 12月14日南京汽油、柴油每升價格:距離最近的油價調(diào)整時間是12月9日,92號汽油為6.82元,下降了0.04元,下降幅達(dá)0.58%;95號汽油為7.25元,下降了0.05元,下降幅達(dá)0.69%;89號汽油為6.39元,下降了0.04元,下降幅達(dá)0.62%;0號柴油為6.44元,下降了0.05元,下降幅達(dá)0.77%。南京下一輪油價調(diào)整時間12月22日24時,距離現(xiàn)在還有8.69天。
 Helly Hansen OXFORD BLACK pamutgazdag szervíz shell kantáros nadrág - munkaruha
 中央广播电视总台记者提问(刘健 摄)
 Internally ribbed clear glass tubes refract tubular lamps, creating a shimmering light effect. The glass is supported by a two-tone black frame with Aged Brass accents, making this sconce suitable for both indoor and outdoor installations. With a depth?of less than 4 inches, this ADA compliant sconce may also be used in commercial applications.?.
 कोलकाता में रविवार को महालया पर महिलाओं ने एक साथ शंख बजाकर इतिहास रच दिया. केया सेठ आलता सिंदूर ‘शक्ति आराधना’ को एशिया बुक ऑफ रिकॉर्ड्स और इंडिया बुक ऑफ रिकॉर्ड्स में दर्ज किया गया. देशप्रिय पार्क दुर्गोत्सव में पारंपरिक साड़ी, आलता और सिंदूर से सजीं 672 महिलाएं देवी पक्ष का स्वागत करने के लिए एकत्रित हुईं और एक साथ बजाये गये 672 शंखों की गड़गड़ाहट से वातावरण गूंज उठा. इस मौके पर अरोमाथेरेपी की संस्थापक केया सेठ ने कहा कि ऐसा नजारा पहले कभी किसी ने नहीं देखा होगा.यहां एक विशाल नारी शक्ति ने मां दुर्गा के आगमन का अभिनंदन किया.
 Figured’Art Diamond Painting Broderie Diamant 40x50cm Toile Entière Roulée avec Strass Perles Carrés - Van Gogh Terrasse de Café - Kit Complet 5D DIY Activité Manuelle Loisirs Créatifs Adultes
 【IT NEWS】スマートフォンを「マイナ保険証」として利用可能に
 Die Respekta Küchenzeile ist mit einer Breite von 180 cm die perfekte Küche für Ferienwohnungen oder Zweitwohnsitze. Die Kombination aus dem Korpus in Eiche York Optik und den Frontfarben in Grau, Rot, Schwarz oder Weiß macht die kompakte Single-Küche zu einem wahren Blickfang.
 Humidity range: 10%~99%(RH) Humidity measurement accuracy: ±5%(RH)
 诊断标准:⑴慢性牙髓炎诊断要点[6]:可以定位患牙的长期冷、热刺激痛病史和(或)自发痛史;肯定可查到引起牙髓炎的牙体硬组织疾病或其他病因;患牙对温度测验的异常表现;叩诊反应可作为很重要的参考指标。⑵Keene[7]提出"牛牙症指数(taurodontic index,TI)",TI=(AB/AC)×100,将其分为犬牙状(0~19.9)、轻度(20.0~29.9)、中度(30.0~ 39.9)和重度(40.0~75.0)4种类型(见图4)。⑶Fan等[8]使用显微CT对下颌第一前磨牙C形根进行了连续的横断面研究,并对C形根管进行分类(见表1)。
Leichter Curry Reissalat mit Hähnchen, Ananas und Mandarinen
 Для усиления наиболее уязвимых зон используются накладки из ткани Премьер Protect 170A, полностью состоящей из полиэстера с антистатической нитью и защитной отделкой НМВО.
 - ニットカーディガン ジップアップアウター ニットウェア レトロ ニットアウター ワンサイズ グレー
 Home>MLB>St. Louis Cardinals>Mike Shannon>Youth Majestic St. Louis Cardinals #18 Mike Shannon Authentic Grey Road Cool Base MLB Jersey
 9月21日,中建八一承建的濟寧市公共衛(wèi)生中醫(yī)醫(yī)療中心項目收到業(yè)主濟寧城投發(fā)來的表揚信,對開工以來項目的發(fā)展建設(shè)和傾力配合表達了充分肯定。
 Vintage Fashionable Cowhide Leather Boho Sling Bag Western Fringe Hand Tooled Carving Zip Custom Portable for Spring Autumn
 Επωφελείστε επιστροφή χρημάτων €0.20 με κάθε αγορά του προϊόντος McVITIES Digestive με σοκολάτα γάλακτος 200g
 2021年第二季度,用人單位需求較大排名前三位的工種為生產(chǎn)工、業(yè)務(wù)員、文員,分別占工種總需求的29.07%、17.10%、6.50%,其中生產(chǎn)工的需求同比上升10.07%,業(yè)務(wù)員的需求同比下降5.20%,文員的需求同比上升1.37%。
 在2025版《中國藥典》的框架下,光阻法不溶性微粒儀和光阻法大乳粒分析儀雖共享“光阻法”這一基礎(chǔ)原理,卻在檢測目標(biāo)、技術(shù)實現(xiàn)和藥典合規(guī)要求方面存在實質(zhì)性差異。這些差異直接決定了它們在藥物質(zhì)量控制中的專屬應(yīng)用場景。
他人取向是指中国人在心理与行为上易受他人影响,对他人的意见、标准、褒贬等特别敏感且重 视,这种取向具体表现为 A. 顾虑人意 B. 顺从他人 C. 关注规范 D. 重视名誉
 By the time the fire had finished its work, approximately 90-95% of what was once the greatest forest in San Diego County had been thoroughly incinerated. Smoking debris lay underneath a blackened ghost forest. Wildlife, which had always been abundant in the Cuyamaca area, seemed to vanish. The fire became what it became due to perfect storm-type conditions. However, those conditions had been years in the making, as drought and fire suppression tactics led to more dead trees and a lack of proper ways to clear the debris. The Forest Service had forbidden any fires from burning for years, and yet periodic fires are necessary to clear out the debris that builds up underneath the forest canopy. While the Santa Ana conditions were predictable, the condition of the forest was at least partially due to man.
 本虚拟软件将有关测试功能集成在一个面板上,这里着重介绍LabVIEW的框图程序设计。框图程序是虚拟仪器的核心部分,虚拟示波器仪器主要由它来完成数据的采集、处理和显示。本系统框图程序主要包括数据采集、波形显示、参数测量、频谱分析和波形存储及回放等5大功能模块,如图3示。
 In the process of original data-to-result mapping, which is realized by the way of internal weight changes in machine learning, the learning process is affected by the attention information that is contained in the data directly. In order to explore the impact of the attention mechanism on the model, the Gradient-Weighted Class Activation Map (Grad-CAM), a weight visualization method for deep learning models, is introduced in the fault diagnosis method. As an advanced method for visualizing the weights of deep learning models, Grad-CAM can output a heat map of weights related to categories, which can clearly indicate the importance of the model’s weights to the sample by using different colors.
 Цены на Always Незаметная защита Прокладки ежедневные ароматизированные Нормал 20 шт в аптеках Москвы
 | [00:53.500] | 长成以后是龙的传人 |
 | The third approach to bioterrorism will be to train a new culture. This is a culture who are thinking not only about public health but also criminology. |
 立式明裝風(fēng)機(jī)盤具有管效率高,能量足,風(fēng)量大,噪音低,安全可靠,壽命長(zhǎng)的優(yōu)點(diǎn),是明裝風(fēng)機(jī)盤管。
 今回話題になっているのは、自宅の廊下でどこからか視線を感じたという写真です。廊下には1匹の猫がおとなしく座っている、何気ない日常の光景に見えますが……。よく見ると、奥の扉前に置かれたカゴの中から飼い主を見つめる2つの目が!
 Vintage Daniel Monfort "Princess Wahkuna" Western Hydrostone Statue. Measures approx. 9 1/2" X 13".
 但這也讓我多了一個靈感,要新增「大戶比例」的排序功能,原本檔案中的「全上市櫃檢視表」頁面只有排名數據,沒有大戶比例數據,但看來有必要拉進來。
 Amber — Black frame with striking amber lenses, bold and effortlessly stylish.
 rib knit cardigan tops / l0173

## Activity
The entries above are to be retyped exactly.

## Solution to this exercise
 12月14日南京汽油、柴油每升價格:距離最近的油價調(diào)整時間是12月9日,92號汽油為6.82元,下降了0.04元,下降幅達(dá)0.58%;95號汽油為7.25元,下降了0.05元,下降幅達(dá)0.69%;89號汽油為6.39元,下降了0.04元,下降幅達(dá)0.62%;0號柴油為6.44元,下降了0.05元,下降幅達(dá)0.77%。南京下一輪油價調(diào)整時間12月22日24時,距離現(xiàn)在還有8.69天。
 Helly Hansen OXFORD BLACK pamutgazdag szervíz shell kantáros nadrág - munkaruha
 中央广播电视总台记者提问(刘健 摄)
 Internally ribbed clear glass tubes refract tubular lamps, creating a shimmering light effect. The glass is supported by a two-tone black frame with Aged Brass accents, making this sconce suitable for both indoor and outdoor installations. With a depth?of less than 4 inches, this ADA compliant sconce may also be used in commercial applications.?.
 कोलकाता में रविवार को महालया पर महिलाओं ने एक साथ शंख बजाकर इतिहास रच दिया. केया सेठ आलता सिंदूर ‘शक्ति आराधना’ को एशिया बुक ऑफ रिकॉर्ड्स और इंडिया बुक ऑफ रिकॉर्ड्स में दर्ज किया गया. देशप्रिय पार्क दुर्गोत्सव में पारंपरिक साड़ी, आलता और सिंदूर से सजीं 672 महिलाएं देवी पक्ष का स्वागत करने के लिए एकत्रित हुईं और एक साथ बजाये गये 672 शंखों की गड़गड़ाहट से वातावरण गूंज उठा. इस मौके पर अरोमाथेरेपी की संस्थापक केया सेठ ने कहा कि ऐसा नजारा पहले कभी किसी ने नहीं देखा होगा.यहां एक विशाल नारी शक्ति ने मां दुर्गा के आगमन का अभिनंदन किया.
 Figured’Art Diamond Painting Broderie Diamant 40x50cm Toile Entière Roulée avec Strass Perles Carrés - Van Gogh Terrasse de Café - Kit Complet 5D DIY Activité Manuelle Loisirs Créatifs Adultes
 【IT NEWS】スマートフォンを「マイナ保険証」として利用可能に
 Die Respekta Küchenzeile ist mit einer Breite von 180 cm die perfekte Küche für Ferienwohnungen oder Zweitwohnsitze. Die Kombination aus dem Korpus in Eiche York Optik und den Frontfarben in Grau, Rot, Schwarz oder Weiß macht die kompakte Single-Küche zu einem wahren Blickfang.
 Humidity range: 10%~99%(RH) Humidity measurement accuracy: ±5%(RH)
 诊断标准:⑴慢性牙髓炎诊断要点[6]:可以定位患牙的长期冷、热刺激痛病史和(或)自发痛史;肯定可查到引起牙髓炎的牙体硬组织疾病或其他病因;患牙对温度测验的异常表现;叩诊反应可作为很重要的参考指标。⑵Keene[7]提出"牛牙症指数(taurodontic index,TI)",TI=(AB/AC)×100,将其分为犬牙状(0~19.9)、轻度(20.0~29.9)、中度(30.0~ 39.9)和重度(40.0~75.0)4种类型(见图4)。⑶Fan等[8]使用显微CT对下颌第一前磨牙C形根进行了连续的横断面研究,并对C形根管进行分类(见表1)。
Leichter Curry Reissalat mit Hähnchen, Ananas und Mandarinen
 Для усиления наиболее уязвимых зон используются накладки из ткани Премьер Protect 170A, полностью состоящей из полиэстера с антистатической нитью и защитной отделкой НМВО.
 - ニットカーディガン ジップアップアウター ニットウェア レトロ ニットアウター ワンサイズ グレー
 Home>MLB>St. Louis Cardinals>Mike Shannon>Youth Majestic St. Louis Cardinals #18 Mike Shannon Authentic Grey Road Cool Base MLB Jersey
 9月21日,中建八一承建的濟寧市公共衛(wèi)生中醫(yī)醫(yī)療中心項目收到業(yè)主濟寧城投發(fā)來的表揚信,對開工以來項目的發(fā)展建設(shè)和傾力配合表達了充分肯定。
 Vintage Fashionable Cowhide Leather Boho Sling Bag Western Fringe Hand Tooled Carving Zip Custom Portable for Spring Autumn
 Επωφελείστε επιστροφή χρημάτων €0.20 με κάθε αγορά του προϊόντος McVITIES Digestive με σοκολάτα γάλακτος 200g
 2021年第二季度,用人單位需求較大排名前三位的工種為生產(chǎn)工、業(yè)務(wù)員、文員,分別占工種總需求的29.07%、17.10%、6.50%,其中生產(chǎn)工的需求同比上升10.07%,業(yè)務(wù)員的需求同比下降5.20%,文員的需求同比上升1.37%。
 在2025版《中國藥典》的框架下,光阻法不溶性微粒儀和光阻法大乳粒分析儀雖共享“光阻法”這一基礎(chǔ)原理,卻在檢測目標(biāo)、技術(shù)實現(xiàn)和藥典合規(guī)要求方面存在實質(zhì)性差異。這些差異直接決定了它們在藥物質(zhì)量控制中的專屬應(yīng)用場景。
他人取向是指中国人在心理与行为上易受他人影响,对他人的意见、标准、褒贬等特别敏感且重 视,这种取向具体表现为 A. 顾虑人意 B. 顺从他人 C. 关注规范 D. 重视名誉
 By the time the fire had finished its work, approximately 90-95% of what was once the greatest forest in San Diego County had been thoroughly incinerated. Smoking debris lay underneath a blackened ghost forest. Wildlife, which had always been abundant in the Cuyamaca area, seemed to vanish. The fire became what it became due to perfect storm-type conditions. However, those conditions had been years in the making, as drought and fire suppression tactics led to more dead trees and a lack of proper ways to clear the debris. The Forest Service had forbidden any fires from burning for years, and yet periodic fires are necessary to clear out the debris that builds up underneath the forest canopy. While the Santa Ana conditions were predictable, the condition of the forest was at least partially due to man.
 本虚拟软件将有关测试功能集成在一个面板上,这里着重介绍LabVIEW的框图程序设计。框图程序是虚拟仪器的核心部分,虚拟示波器仪器主要由它来完成数据的采集、处理和显示。本系统框图程序主要包括数据采集、波形显示、参数测量、频谱分析和波形存储及回放等5大功能模块,如图3示。
 In the process of original data-to-result mapping, which is realized by the way of internal weight changes in machine learning, the learning process is affected by the attention information that is contained in the data directly. In order to explore the impact of the attention mechanism on the model, the Gradient-Weighted Class Activation Map (Grad-CAM), a weight visualization method for deep learning models, is introduced in the fault diagnosis method. As an advanced method for visualizing the weights of deep learning models, Grad-CAM can output a heat map of weights related to categories, which can clearly indicate the importance of the model’s weights to the sample by using different colors.
 Цены на Always Незаметная защита Прокладки ежедневные ароматизированные Нормал 20 шт в аптеках Москвы
 | [00:53.500] | 长成以后是龙的传人 |
 | The third approach to bioterrorism will be to train a new culture. This is a culture who are thinking not only about public health but also criminology. |
 立式明裝風(fēng)機(jī)盤具有管效率高,能量足,風(fēng)量大,噪音低,安全可靠,壽命長(zhǎng)的優(yōu)點(diǎn),是明裝風(fēng)機(jī)盤管。
 今回話題になっているのは、自宅の廊下でどこからか視線を感じたという写真です。廊下には1匹の猫がおとなしく座っている、何気ない日常の光景に見えますが……。よく見ると、奥の扉前に置かれたカゴの中から飼い主を見つめる2つの目が!
 Vintage Daniel Monfort "Princess Wahkuna" Western Hydrostone Statue. Measures approx. 9 1/2" X 13".
 但這也讓我多了一個靈感,要新增「大戶比例」的排序功能,原本檔案中的「全上市櫃檢視表」頁面只有排名數據,沒有大戶比例數據,但看來有必要拉進來。
 Amber — Black frame with striking amber lenses, bold and effortlessly stylish.
 rib knit cardigan tops / l0173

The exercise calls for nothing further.